── Task input ──
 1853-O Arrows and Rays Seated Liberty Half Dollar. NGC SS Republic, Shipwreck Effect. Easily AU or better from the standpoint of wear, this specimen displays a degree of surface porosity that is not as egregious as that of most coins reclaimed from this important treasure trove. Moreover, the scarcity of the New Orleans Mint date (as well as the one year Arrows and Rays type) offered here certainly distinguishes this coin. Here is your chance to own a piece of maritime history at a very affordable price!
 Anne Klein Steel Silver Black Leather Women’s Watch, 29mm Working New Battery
───
── Task input ──
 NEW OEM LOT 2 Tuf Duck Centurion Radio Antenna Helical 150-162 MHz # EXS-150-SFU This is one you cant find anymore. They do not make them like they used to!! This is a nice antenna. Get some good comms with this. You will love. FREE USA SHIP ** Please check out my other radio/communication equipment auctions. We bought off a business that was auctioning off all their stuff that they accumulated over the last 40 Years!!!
───
Exercise objective: Copy out only the lines above from the one with "1853-O Arrows and" to the one with "Anne Klein Steel", inclusive, exactly as they stand.

Result below:
 1853-O Arrows and Rays Seated Liberty Half Dollar. NGC SS Republic, Shipwreck Effect. Easily AU or better from the standpoint of wear, this specimen displays a degree of surface porosity that is not as egregious as that of most coins reclaimed from this important treasure trove. Moreover, the scarcity of the New Orleans Mint date (as well as the one year Arrows and Rays type) offered here certainly distinguishes this coin. Here is your chance to own a piece of maritime history at a very affordable price!
 Anne Klein Steel Silver Black Leather Women’s Watch, 29mm Working New Battery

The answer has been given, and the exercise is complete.